Arena Botevgrad
- Arena Botevgrad in June 2014
- Interactive map of Arena Botevgrad
- Location: 9 Zahari Stoyanov Street 2140 Botevgrad, Bulgaria
- Coordinates: 42°54′00″N 23°47′18″E﻿ / ﻿42.900026°N 23.788394°E
- Owner: Municipality of Botevgrad
- Capacity: Sports: 3,200
- Surface: Versatile
- Field size: 24/44 m

Construction
- Groundbreaking: 2012; 14 years ago
- Opened: March 29, 2014; 12 years ago
- Cost: 7.02 million BGN (around 3.5 million EUR)
- Architects: Bozhidar Hinkov Borislav Bogdanov
- Main contractor: R.S. Engineering

Tenants
- BC Balkan Botevgrad (2014–present) Bulgaria men's national basketball team Hapoel Tel Aviv B.C. (temporary)

= Arena Botevgrad =

Indoor arena in Botevgrad, Bulgaria

Arena Botevgrad (Арена Ботевград) is an indoor arena located in Botevgrad, Bulgaria. It has a capacity of 4,500, and has been the home venue for BC Balkan Botevgrad since its opening in 2014.

== History ==
Arena Botevgrad was officially opened on March 29, 2014 after two years of construction in the presence of Bulgarian Prime Minister Boyko Borisov, Botevgrad's mayor Georgi Georgiev, and several government ministers. The hall cost 7.02 million Bulgarian lev, or about 3.5 million Euros to build.

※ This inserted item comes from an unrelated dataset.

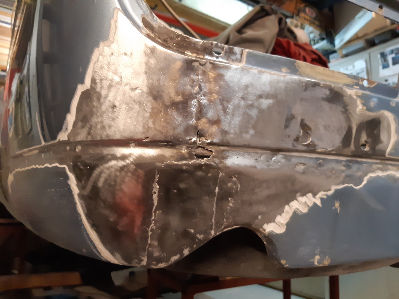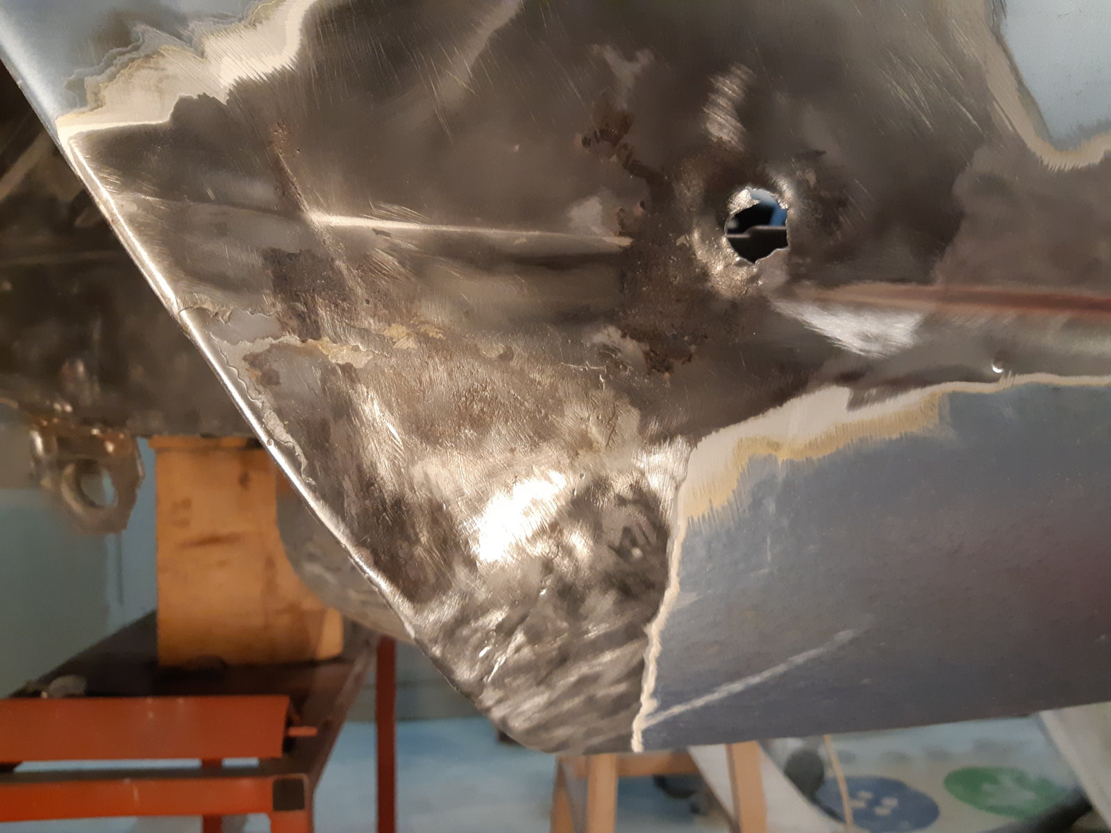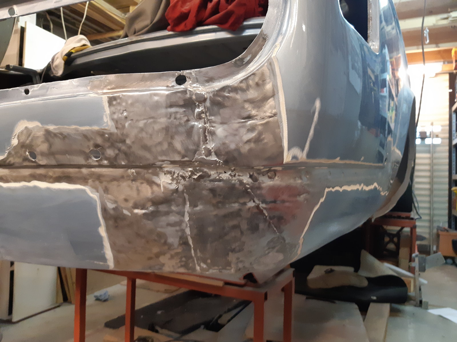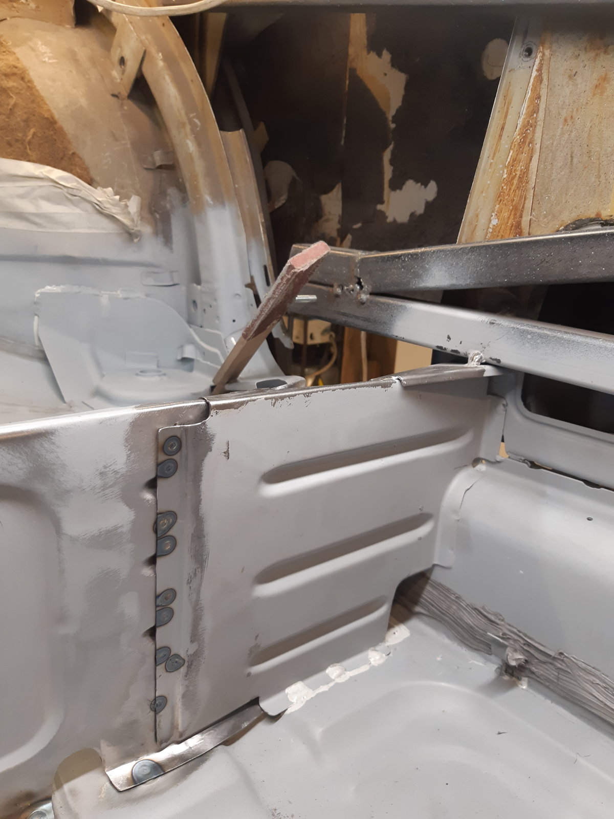 I finished welding and smoothing the left rear floor. My welding is getting better now, it's much smoother then the right side...if you slide your fingers over it the seam is hardly noticeable.

Between February 18th and 21st, 2016, the hall was host to the 2016 Bulgarian Basketball Cup Final 8 bracket, with BC Rilski Sportist claiming their first ever cup. In September 2016, Arena Botevgrad hosted the national basketball team's home games from Group E of the EuroBasket 2017 qualification.

Hapoel Tel Aviv B.C. also used as a temporary arena for EuroCup (2023–2025) and EuroLeague (2025–present) due to Gaza war and most recently, Iran war.